Member of Parliament for Halesowen
- Incumbent
- Assumed office 4 July 2024
- Preceded by: Constituency established
- Majority: 4,364 (11.3%)

Personal details
- Born: Alexander Robert Ballinger
- Party: Labour

Military service
- Allegiance: United Kingdom
- Branch/service: Royal Marines
- Years of service: 2005–2013
- Rank: Captain
- Unit: Royal Marines

= Alex Ballinger =

British politician

Alexander Robert Ballinger is a British Labour politician and former Royal Marine who has been the Member of Parliament for Halesowen since 2024. He gained the seat from James Morris, a Conservative.

== Career ==
Ballinger studied aerospace engineering at the University of Manchester before joining the Royal Marines in 2005, later reaching the rank of captain.

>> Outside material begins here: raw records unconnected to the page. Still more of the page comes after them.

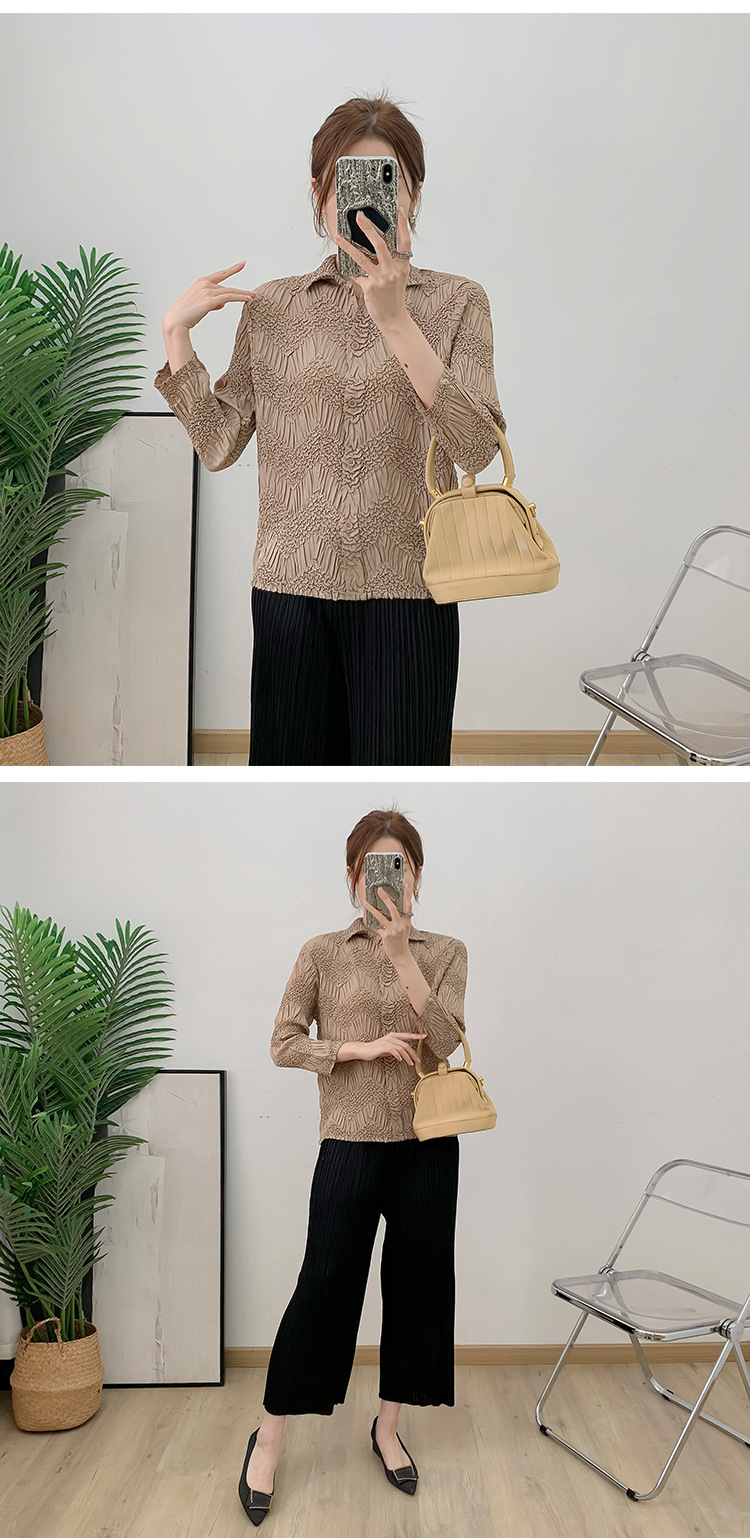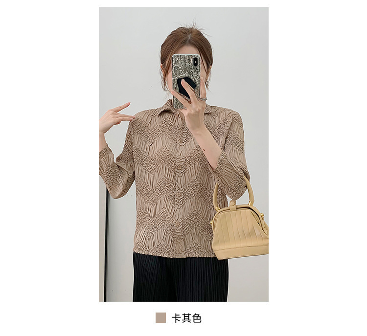 구겨진 탑 긴팔 셔츠 여성용 봄과 가을 느슨한 캐주얼 셔츠 슬림핏 플리츠 통근 2025 뉴 미야케
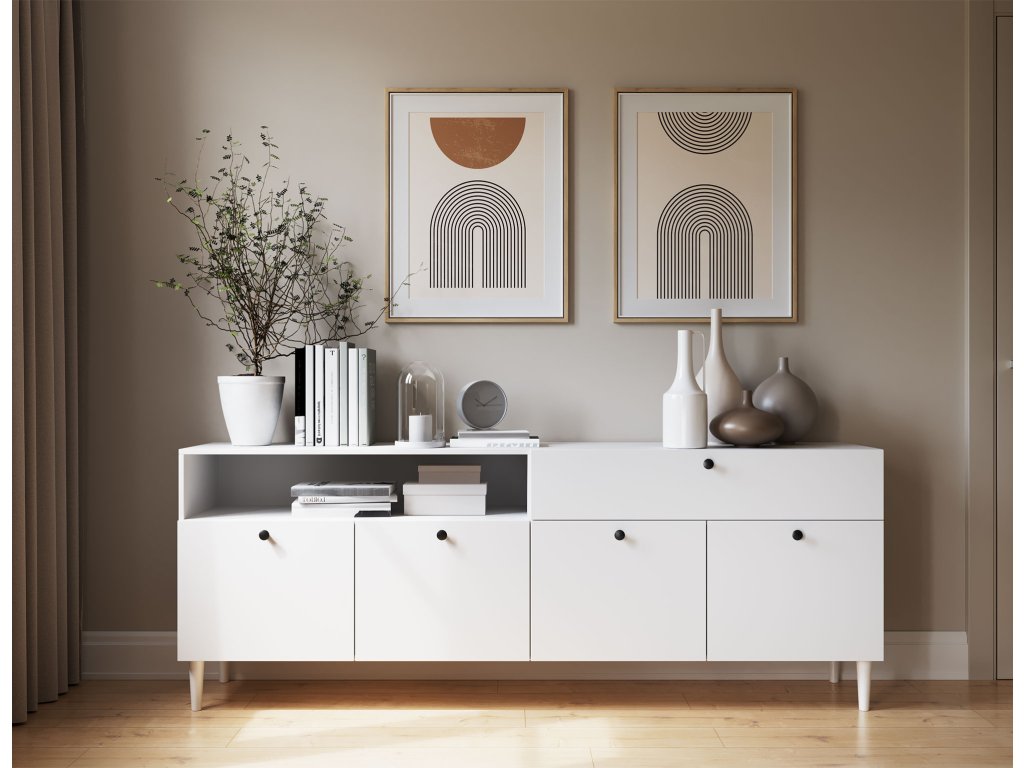Komód szekrényekkel és fiókkal DULLUM 200x75cm, fehér
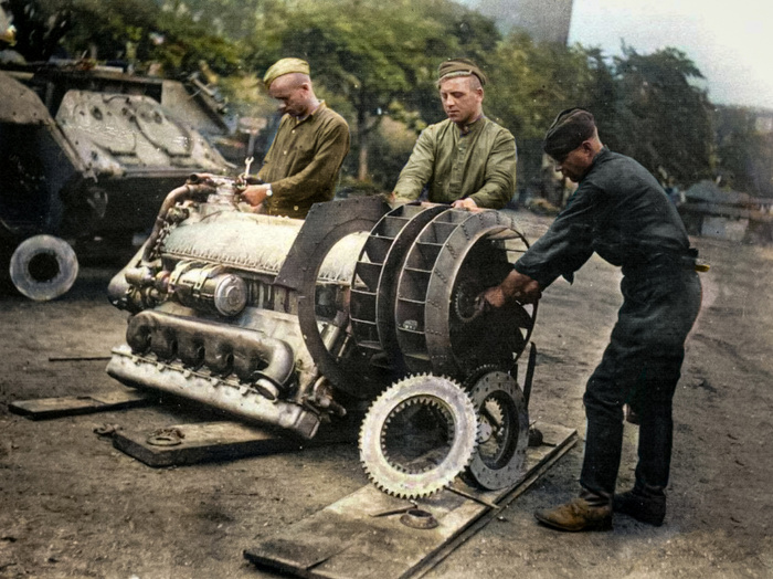Советские механики за ремонтом двигателя тяжелого танка ИС-2, 1944 год.
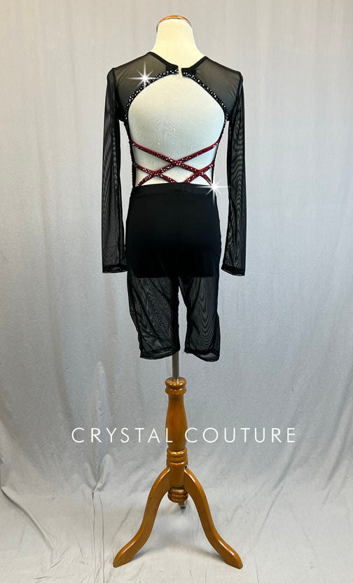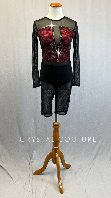Custom Black & Red Fishnet Topped Biketard with Mesh Shorts and Sleeves - Rhinestones
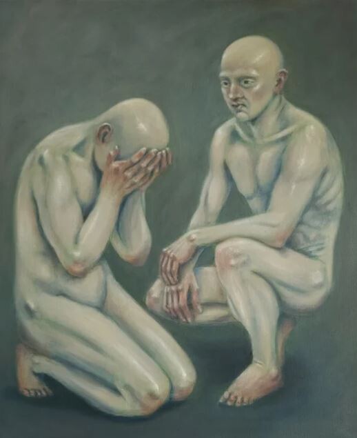 Nackt im Sein portrays two figures in close proximity without physical intervention. The work addresses vulnerability—both physical and emotional—by redefining care not as action, but as presence. Here, nudity is presented not as provocation, but as truth: a moment in which social roles and protective layers fall away, revealing an unguarded human condition.
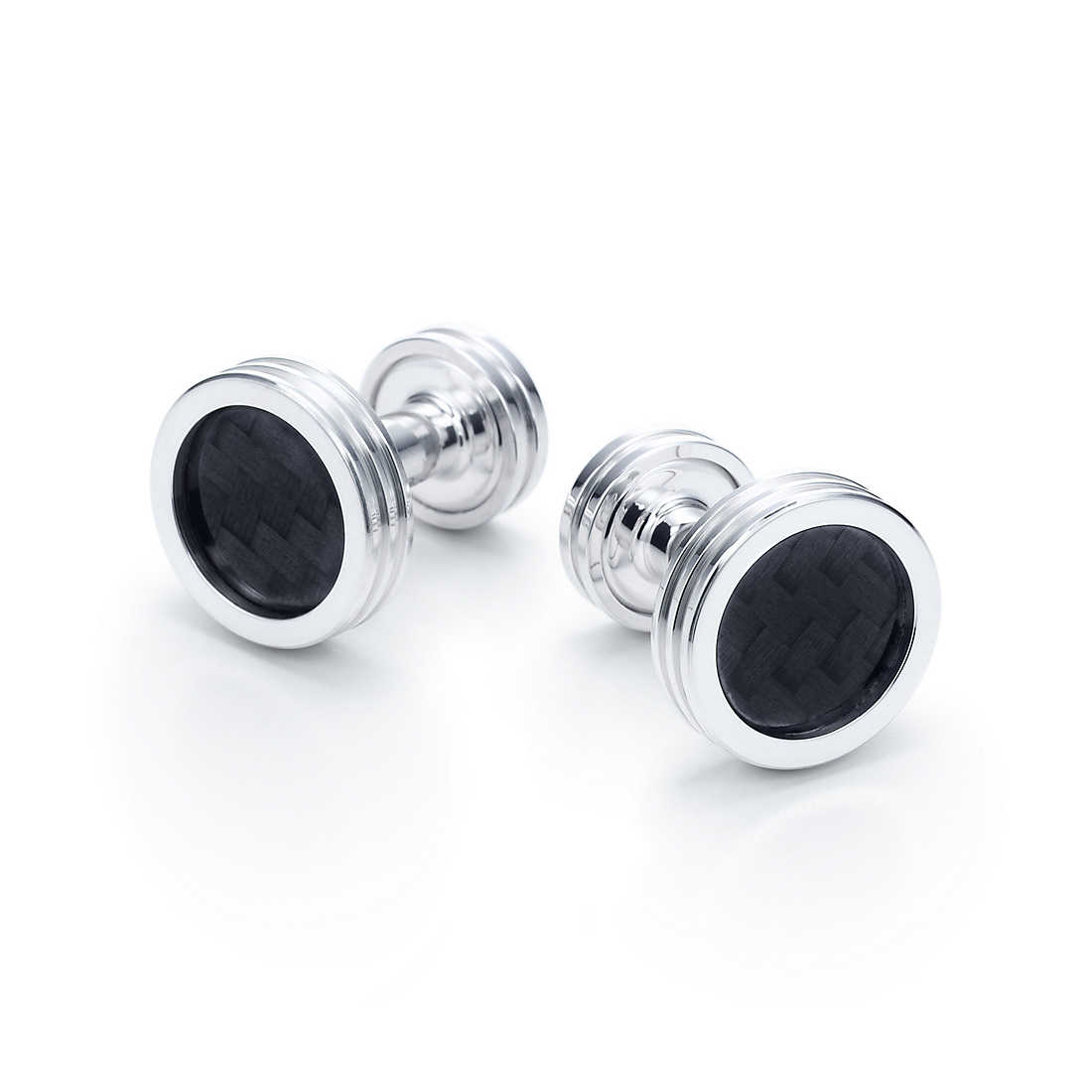 Sophisticated. Modern. Urbane. Cuff links in sterling silver with carbon fiber. Original designs copyrighted by Paloma Picasso.
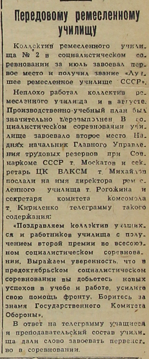 Неплохо работал коллектив ремесленного училища и в августе. Производственно-учебный план был значительно перевыполнен. В социалистическом соревновании училище завоевало второе место. На-днях начальник Главного Управления трудовых резервов при Совнаркоме СССР т. Москатов и секретарь ЦК ВЛКСМ т. Михайлов послали на имя директора ремесленного училища т. Рогожина и секретаря комитета комсомола т. Кириленко телеграмму такого содержания:
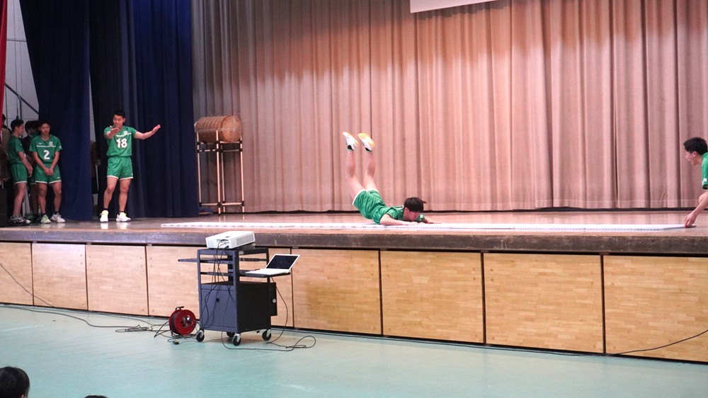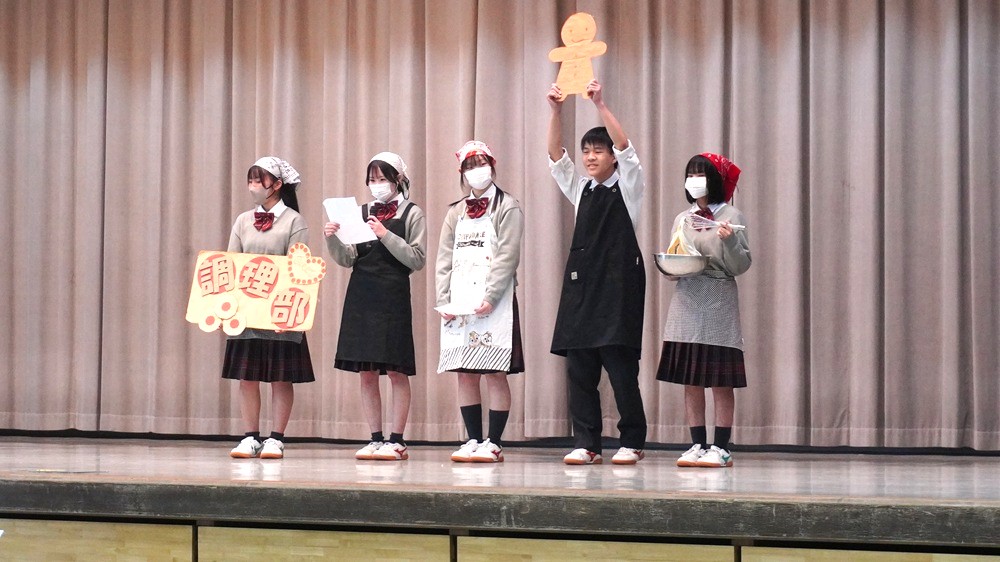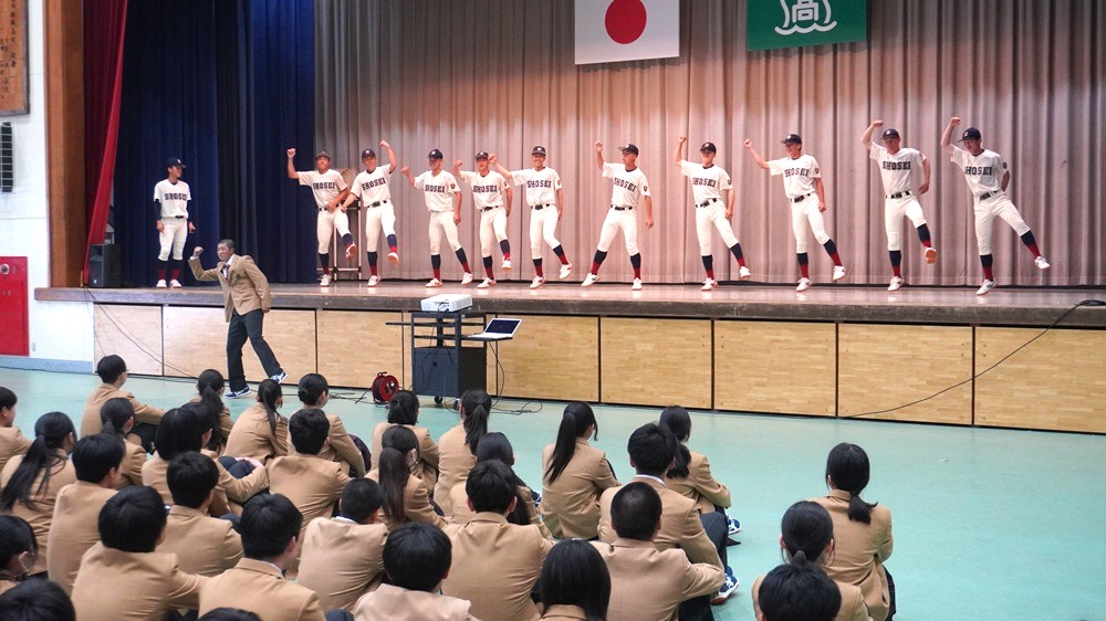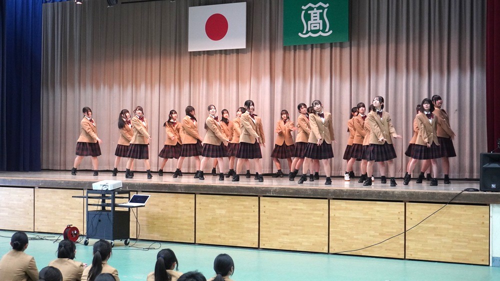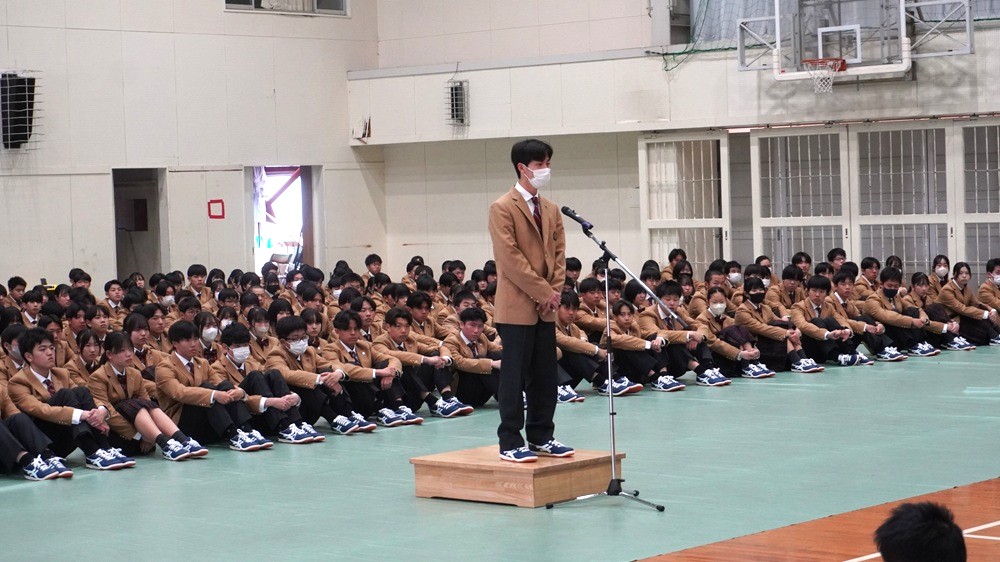 本日4月8日(水)新入生歓迎の対面式、部活動紹介が行われました。対面式では最初に応援団から歓迎のエールがあり、続いて生徒会長赤堀月那さん(35HR)から新入生を歓迎する挨拶がありました。そのあと新入生を代表して朝比奈海琉君(13HR)が高校では勉強と部活の両立に頑張りたいと抱負を語ってくれました。対面式のあとには各部活動が工夫をこらした紹介を行いました。ユニフォームをまとってステージに上がった部活もあり、新入生たちは真剣に部活説明を聞いていました。今日の会で、新入生の皆さんは、あらためて樟誠高校の生活に期待が膨らんだことと思います。

He served on operations in Afghanistan, including deployments in 2006 and 2009, and has referred to a family tradition of military service and his deployment alongside his brother.

After leaving the armed forces, Ballinger joined the Department for International Development (DFID) and led humanitarian and refugee operations during the Syrian civil war, before moving to the Foreign, Commonwealth & Development Office (FCDO), working on Pakistan’s Federally Administered Tribal Areas and later heading the UK’s mission in Lahore. During the 2021 Afghanistan evacuation, he led a team assisting evacuations across the border into Pakistan.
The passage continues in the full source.